**Source material**

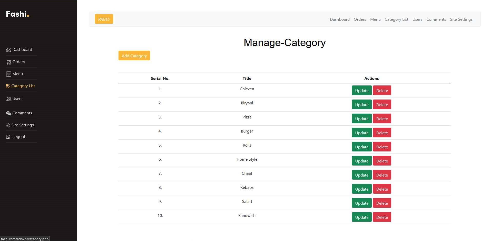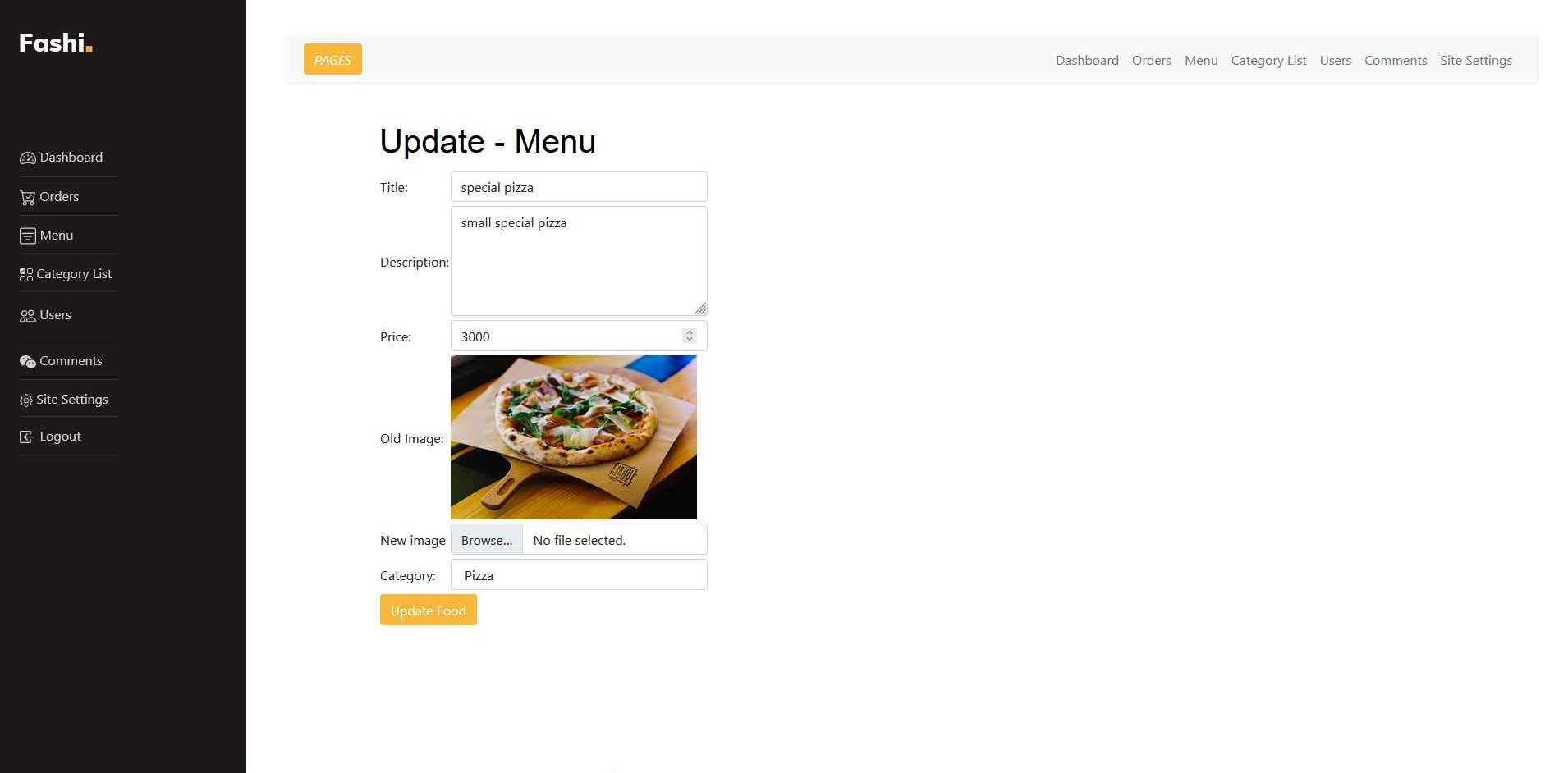 editing categories and foods menu. Also, they have a page to adding new users and admins.
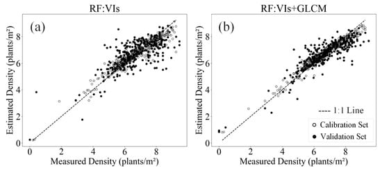Estimation results for the maize planting densities. (a) The RF and VIs were used to estimate the planting densities. (b) The RF and VIs+ GLCM were used to estimate the planting densities.
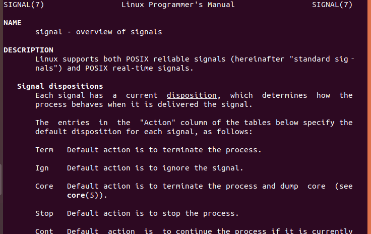 通常进程在接收到某种信号后,会根据不同的信号执行默认的操作:
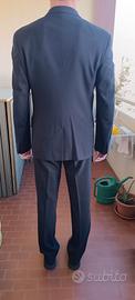vendo vestito completo, giacca e pantalone blu taglia 50 la giacca, 48 il pantalone. È stato usato solo pochissime volte, veste bene una 48, io sono 1,78 di altezza.
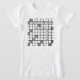 camiseta branca com palavras cruzadas pretas e quadradas brancas desenhadas tendo em mente amantes da quebra-cabeça de palavras cruzadas. As crianças gostam de fazer quebra-cabeça de palavras cruzadas. ideia de presente de excelente.
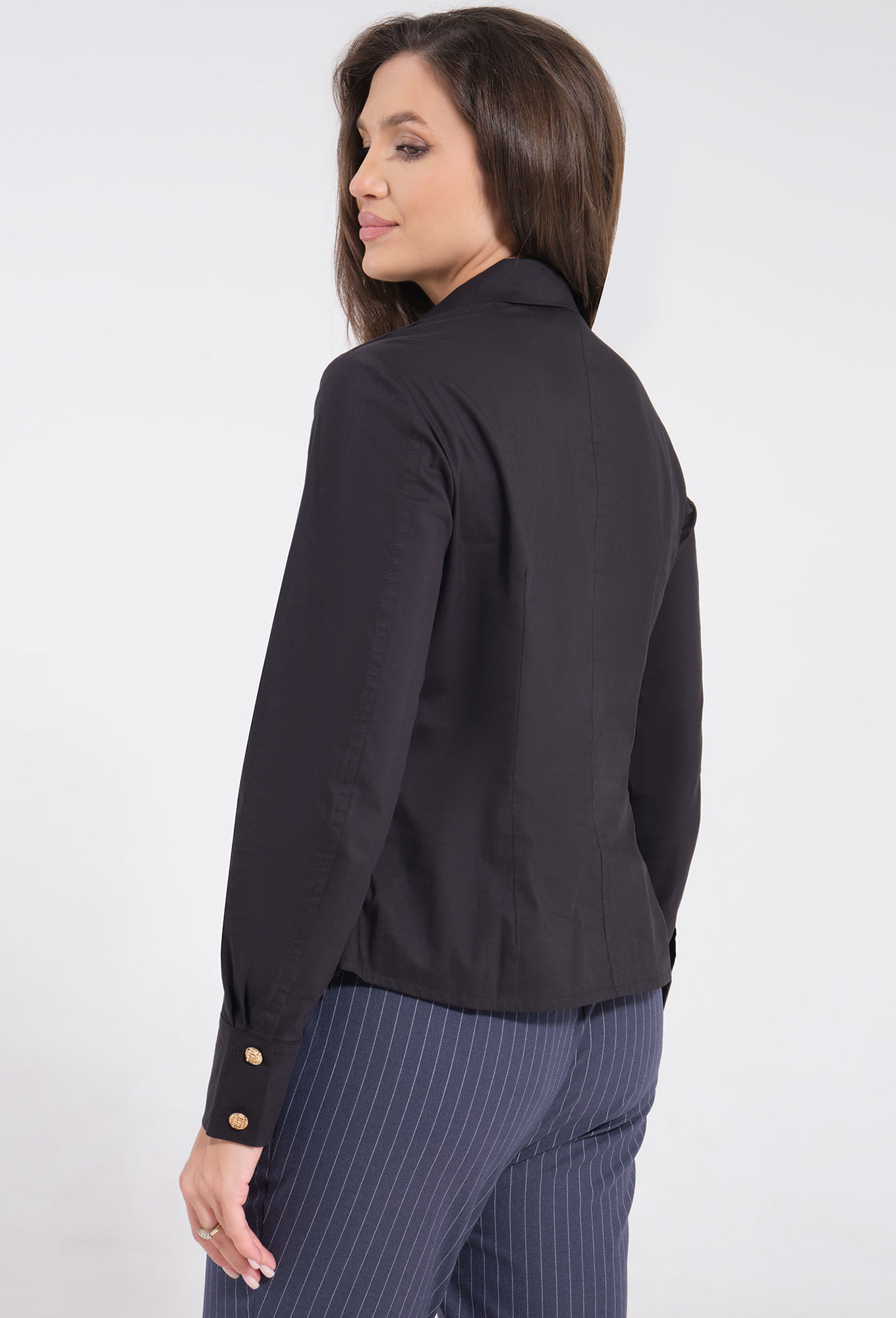 Модель: Панда 117740 черный Рост:..показать 164 см (девушка на фото ростом 164см) Сезон: Круглогодичный Тип ткани: Хлопок 76%, полиэстер 22%, эластан 2%.Блузка с длинным рукавом - это классика. Силуэт приталенный. Базовая блузка без рисунка и карманов подойдет для холодного лета и теплой осени, зимы и весны. Блузка из хлопковой ткани с оригинальным воротником.
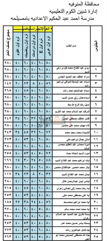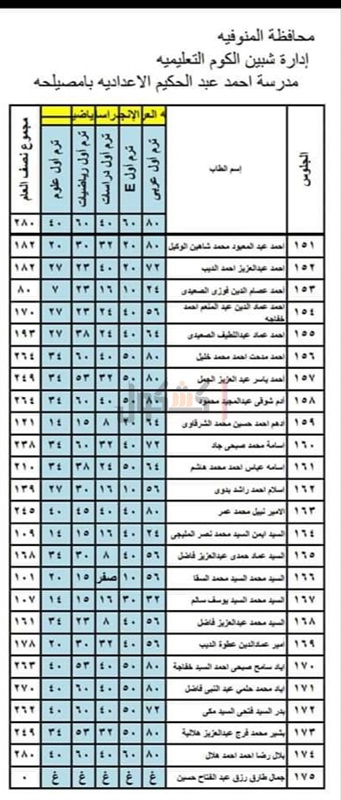 الخامس الابتدائي، والصف السادس الابتدائي، والصف الأول الإعدادي، والصف الثاني الإعدادي،

**Task**
Could the entries above be returned verbatim, with no pictures included?

**Result of this task**
 editing categories and foods menu. Also, they have a page to adding new users and admins.
Estimation results for the maize planting densities. (a) The RF and VIs were used to estimate the planting densities. (b) The RF and VIs+ GLCM were used to estimate the planting densities.
 通常进程在接收到某种信号后,会根据不同的信号执行默认的操作:
vendo vestito completo, giacca e pantalone blu taglia 50 la giacca, 48 il pantalone. È stato usato solo pochissime volte, veste bene una 48, io sono 1,78 di altezza.
 camiseta branca com palavras cruzadas pretas e quadradas brancas desenhadas tendo em mente amantes da quebra-cabeça de palavras cruzadas. As crianças gostam de fazer quebra-cabeça de palavras cruzadas. ideia de presente de excelente.
 Модель: Панда 117740 черный Рост:..показать 164 см (девушка на фото ростом 164см) Сезон: Круглогодичный Тип ткани: Хлопок 76%, полиэстер 22%, эластан 2%.Блузка с длинным рукавом - это классика. Силуэт приталенный. Базовая блузка без рисунка и карманов подойдет для холодного лета и теплой осени, зимы и весны. Блузка из хлопковой ткани с оригинальным воротником.
 الخامس الابتدائي، والصف السادس الابتدائي، والصف الأول الإعدادي، والصف الثاني الإعدادي،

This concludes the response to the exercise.